В России наиболее радикально ставят под вопрос сложившийся порядок люди старшего возраста, нередко рабочих специальностей или квалифицированные специалисты, которые в результате социальных пертурбаций двадцатилетней давности утратили прежнее социальное положение. Поменять местами «олигархов» и «работяг» для них, во многом — не революционный, а реставрационный жест: реванш за утраченное. Но этим все не ограничивается. Например, к изменению социального порядка также склонны молодые интеллектуалы, которые находят, что в современном российском обществе верхушку социальной пирамиды сегодня занимают деньги, а должна занимать культура. Это вторая категория потенциальных ниспровергателей существующей иерархии, родственная в России и Франции: профессионалы от культуры, молодые и не очень, стремящиеся заменить олигархию культурной элитой. Впрочем, следует отметить, что в большинстве случаев люди не переворачивают всю социальную пирамиду вверх дном, а совершают локальные перемещения – порой меняют местами лишь какие-нибудь две социальные группы. Наиболее консервативными ожидаемо оказываются те, кто более всех удовлетворен собственным имущественным положением и потому не намерен ничего менять.
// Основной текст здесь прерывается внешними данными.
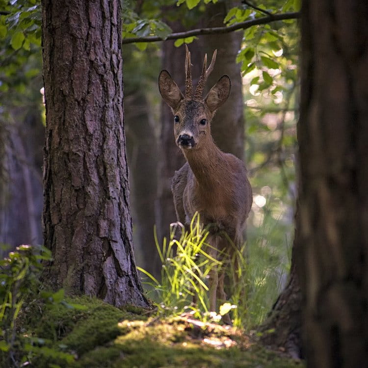 - Popis fotografie: 13.05.2018; Louky se s prvními slunečními paprsky vyprázdnily a tak jsem zatáhnul do lesa, stejně jako zvěř. A tam stál on. V přírodním rámu borovic, krasavec s operleným parožím.

Это исследование делает более различимой работу механизмов, заложенных в основу всех современных обществ. В каждом из наших обществ функционирует несколько автономных сфер, со особой, конкурирующей с прочими, логикой. Так, в основе сферы культуры или образования лежит логика общего достояния, которая конфликтует с логикой рынка, ориентированной на максимальную прибыль. Помимо профессиональной, в современных обществах действуют другие источники легитимации социальной иерархии. Особенно интересно прослеживать их по рисункам школьников и студентов, чей практический профессиональный опыт крайне ограничен — они получают решающий социальный опыт «по доверенности», из рук родителей и образовательных институций. В свете этого обстоятельства крайне показательно, что в образ российского общества они нередко включают президента и институты государственной власти. Эта замена социальных категорий категориями государственными является результатом сложно структурированного педагогического воздействия. Схематика школьного мира – отношений между учителями и учениками – накладывается на модель семейной власти – отношений между родителями и детьми – и подкрепляется фоновыми образцами, производимыми СМИ.

 

О коммерциализации образования

Формально говоря, реформы постсоветского и западноевропейского образовательного пространства — «одни и те же». Они предполагают унификацию образовательной модели и коммерциализацию обучения. Здесь мы в одной лодке. Однако есть и некоторые «нюансы», которые решающим образом меняют смысл реформ «у нас» и «у них». Предварительно стоит заметить, что весь «пакет» образовательных реформ не сводится к Болонскому процессу, под эгидой которого реформируются университеты. Речь идет о более обширном проекте коммерциализации социальной сферы, ранее находившейся на балансе государства. Гораздо более скромный Болонский процесс уже несколько лет назад оказался подчинен этой задаче. И здесь вступают решающие «нюансы». В Западной Европе единое университетское пространство, заложенное еще в Средние века, сохраняет корпоративные или, более точно, коллегиальные черты — в отличие от российских университетов, созданных монаршей волей в XVIII в. в качестве кузницы кадров для государственной элиты. Во Франции даже наполеоновским реформам не удалось вытравить из университетов корпоратистский дух, который и сегодня служит опорой для университетского самоуправления и попыток сохранить университетскую автономию. В наших же странах таким «реликтам» средневековой организации было попросту неоткуда взяться (даже с учетом Киево-Могилянской академии, созданной уже на излете той эпохи). Это различие в характере университета как организации коллегиальной в западноевропейском контексте и существенно более глубоко иерархизированной в постсоветском следует иметь в виду при обсуждении объекта образовательных реформ.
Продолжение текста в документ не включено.